There is a lot about the transactions and sequences here that cannont be randomized. The command and command argument fields for example. It make no more sense to pass a random value to the command field that it does to pass a "fly" command to an automobile unequipped for such activity. Likewise, in the actual system, the operation in progress and whether it is a single operation, one of many in a series, or the final operation in a series will be know to both the write and read channels. Some of this operational level information is set by the test in the uvm_config_db while some is in the command field written to the oneproc unit itself. So there is no notion of an atomic generic "write". That's why even the atomic sequences at the bottom are named with specific functionallity implied.

Scoreboard

The predictor part of the scoreboard will require out-of-order compares and will use a reference model written in C. Because the class of problems the stream processors will address include things like curve fitting, universal approximators, matrix operations, and some signal analysis and generation, and because these already exist in C, there is no reason to rewrite them in behavioral SystemVerilog. Those reference models will come in via the DPI.

Checkers

In the usual way, functional coverage will be collected from the monitors and protocol sequence checkers.

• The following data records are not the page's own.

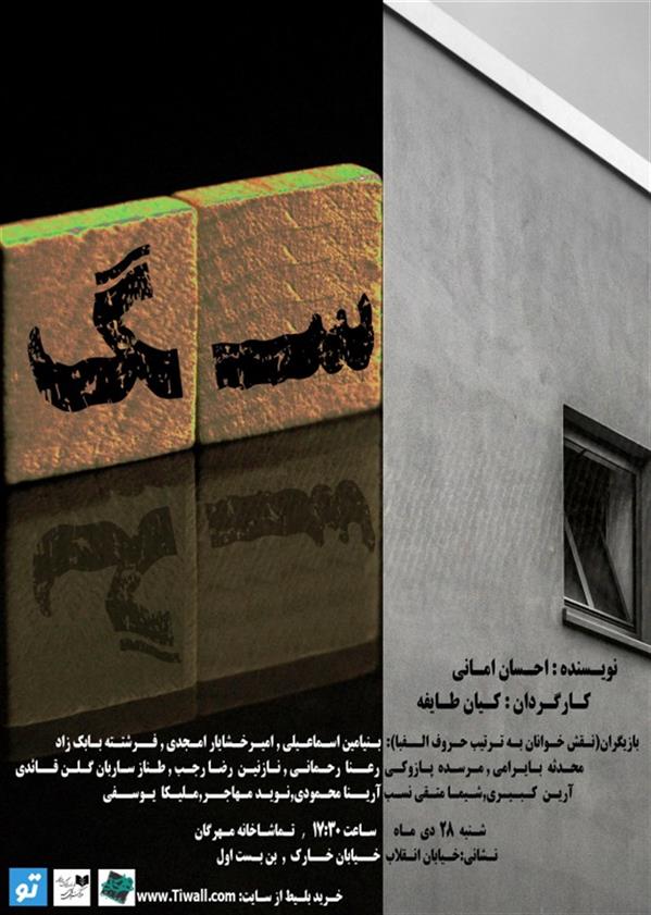 نویسنده:احسان امانی کارگردان:کیان طایفه بازیگران:(به ترتیب حروف الفبا) بنیامین اسماعیلی، امیرخشایار امجدی، فرشته بابک زاد، محدثه بایرامی، مرسده پازوکی، رعنا رحمانی، نازنین رضارجب، طناز ساربان، گلن قائدی، آرین کبیری، شیما متقی نسب، آرینا محمودی، نوید مهاجر و ملیکا یوسفی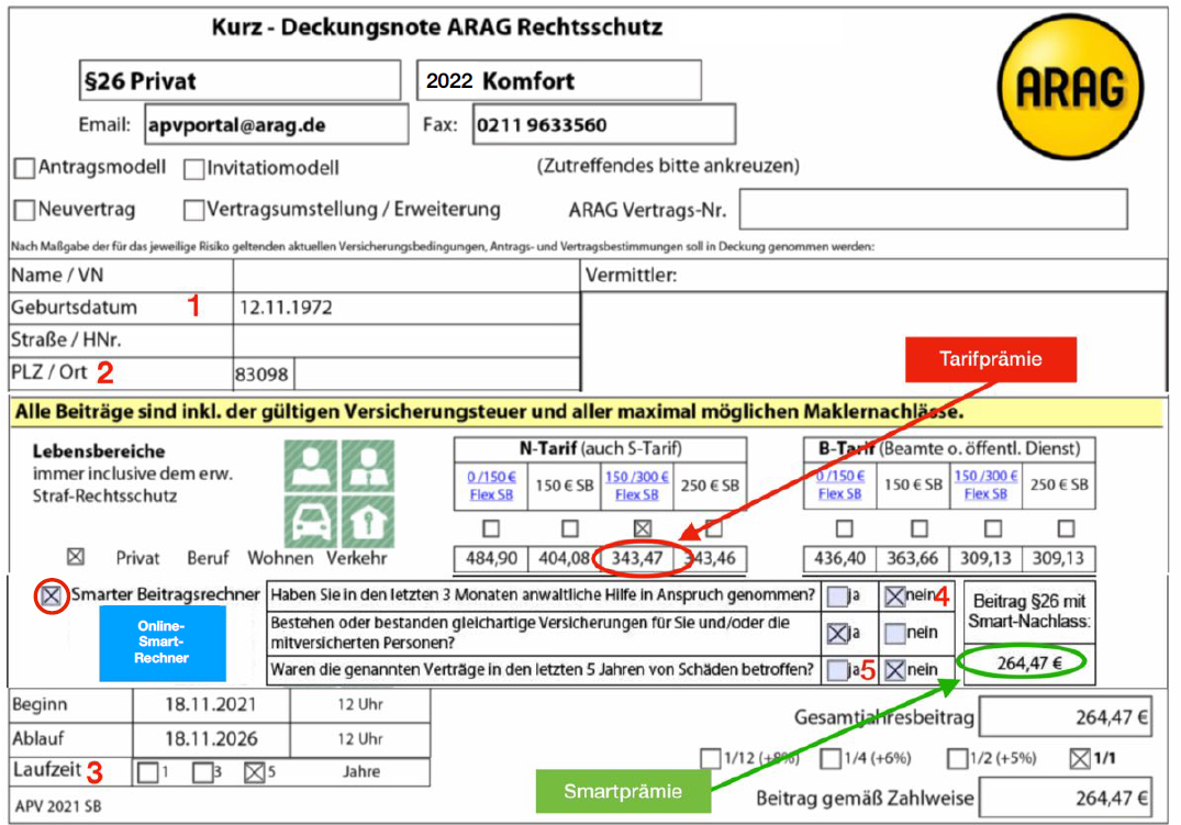 Es ist die Beantwortung aller fünf Fragen zusammen nötig, damit ein smarter Nachlass zum Tragen kommen kann. Die smarte Tarifierung besteht ausschließlich für den Aktiv-Rechtsschutz für Privatpersonen nach §26. Er hat keine Auswirkung auf Annexe oder gebündelte Produkte.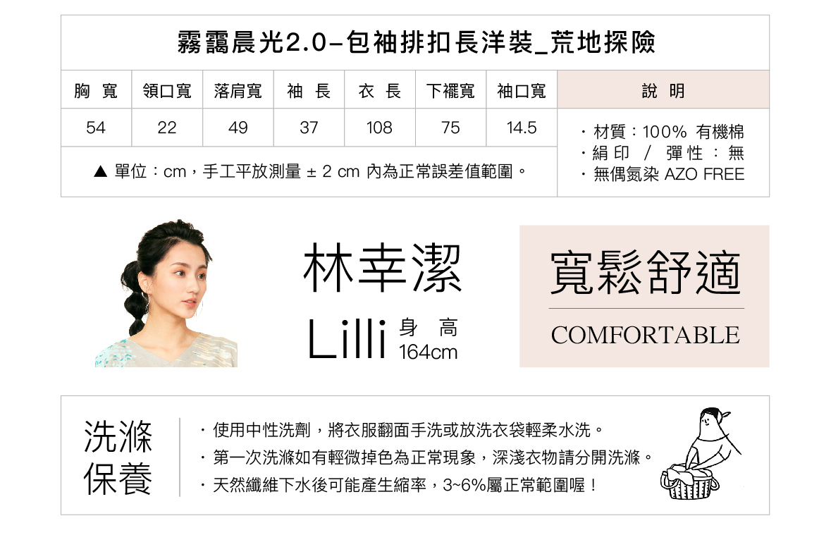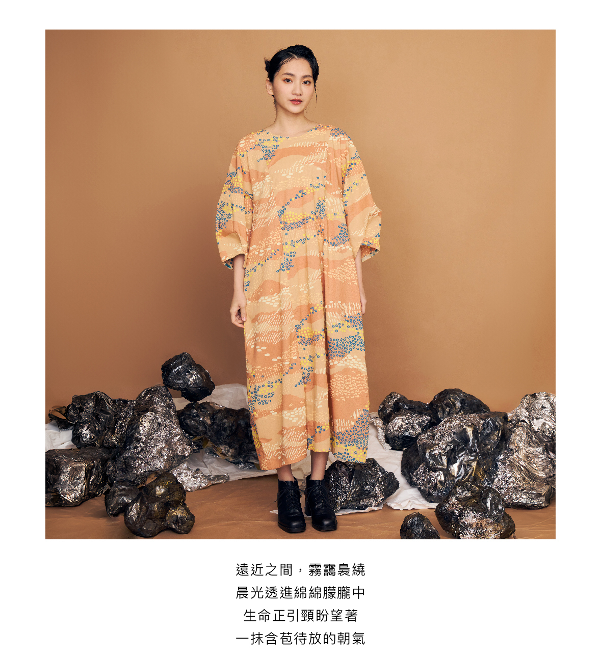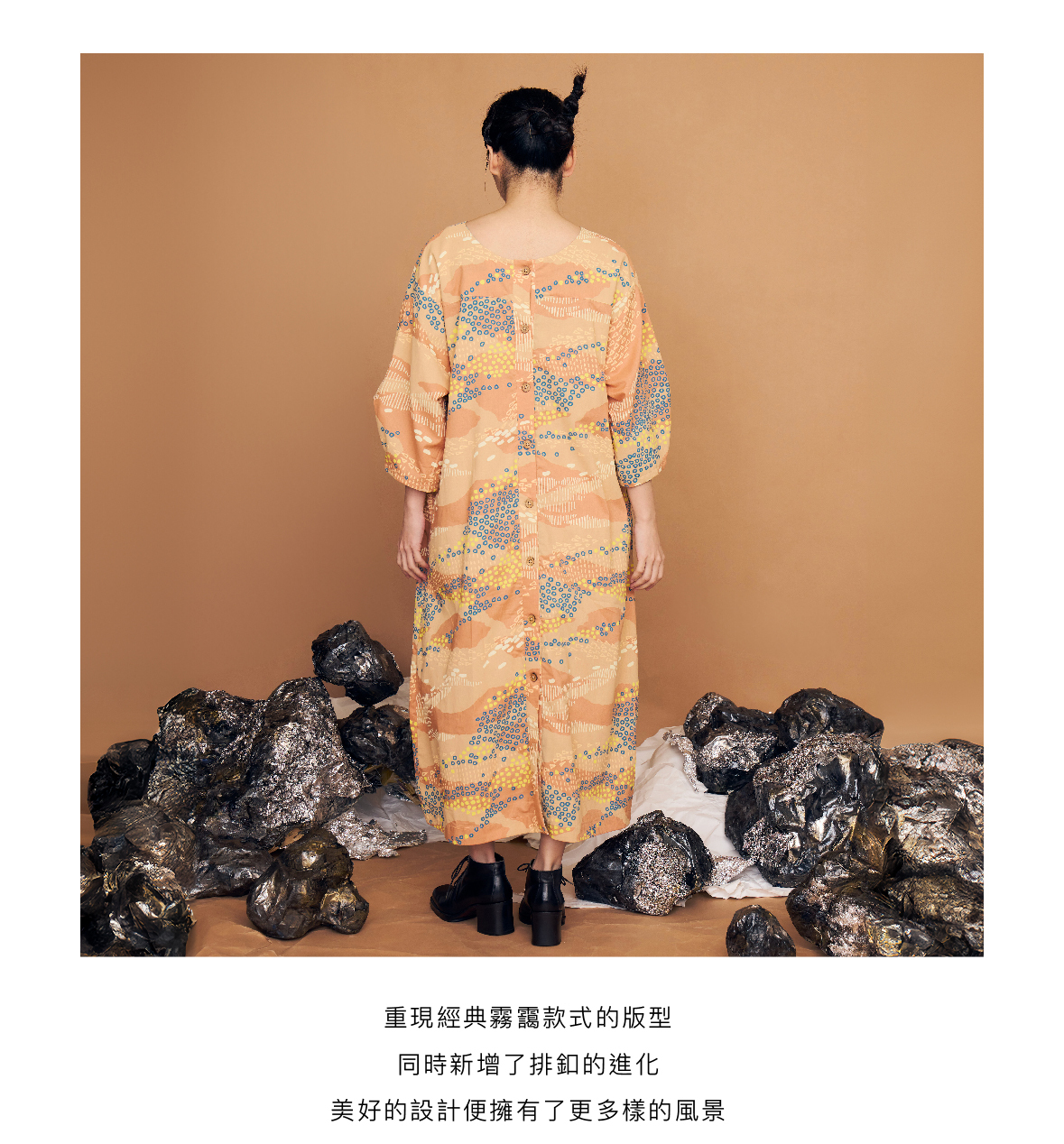 霧靄晨光2.0-苞袖排扣長洋裝_荒地探險
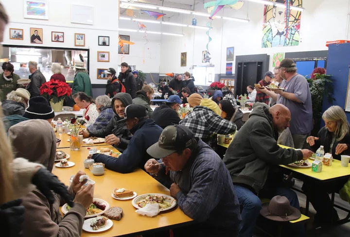 Volunteers serving diners at last year’s free Thanksgiving dinner at St. Vincent de Paul’s in Eureka. | Photo: St. Vincent de Paul Society - Redwood Region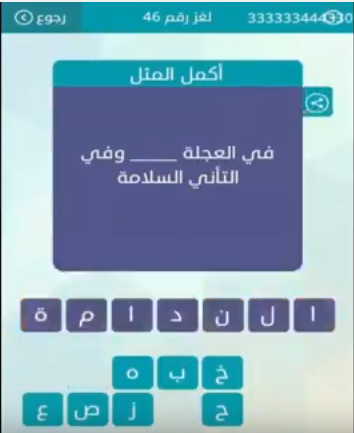 حل سؤال فى العجلة ـــــ وفى التأنى السلامة لغز رقم 46 من لعبة وصلة فى المجموعة السادسة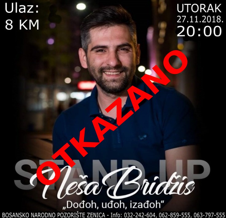 Otkazano gostovanje Neše Bridžisa zbog zdravstvenih problema – Obavještavamo cijenjenu publiku da je gostovanje Stand up komičara Neše Bridžisa OTKAZANO zbog zdravstvenih problema protagoniste.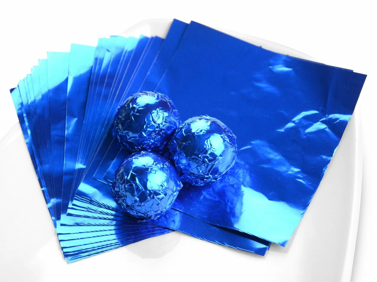 Farbige Aluminium-Wickelfolie um Pralinen, Trüffel, Lollis usw. zu verpacken. Die Bögen sind bereits zugeschnitten.

But based on the information in The generic Device Under Test, if it is true that the external user of the stream processor need not know how many processors are available, or whether or not each of them have all functions available, or even if they are using external or internal memory, etc, then some checkers will be required within the DUT. At minimum they will need coverage bins for per-processor x per-function, parallel and serial mode verifiers, and sequence checkers on internal control lines to ensure, for example, that a processor actually aborted and didn't just happen to end near the abort time. That's just to give an idea of what's in the asserion package. Full details are provided in DUT HWSP specification and integrated testplan and A specific testbench.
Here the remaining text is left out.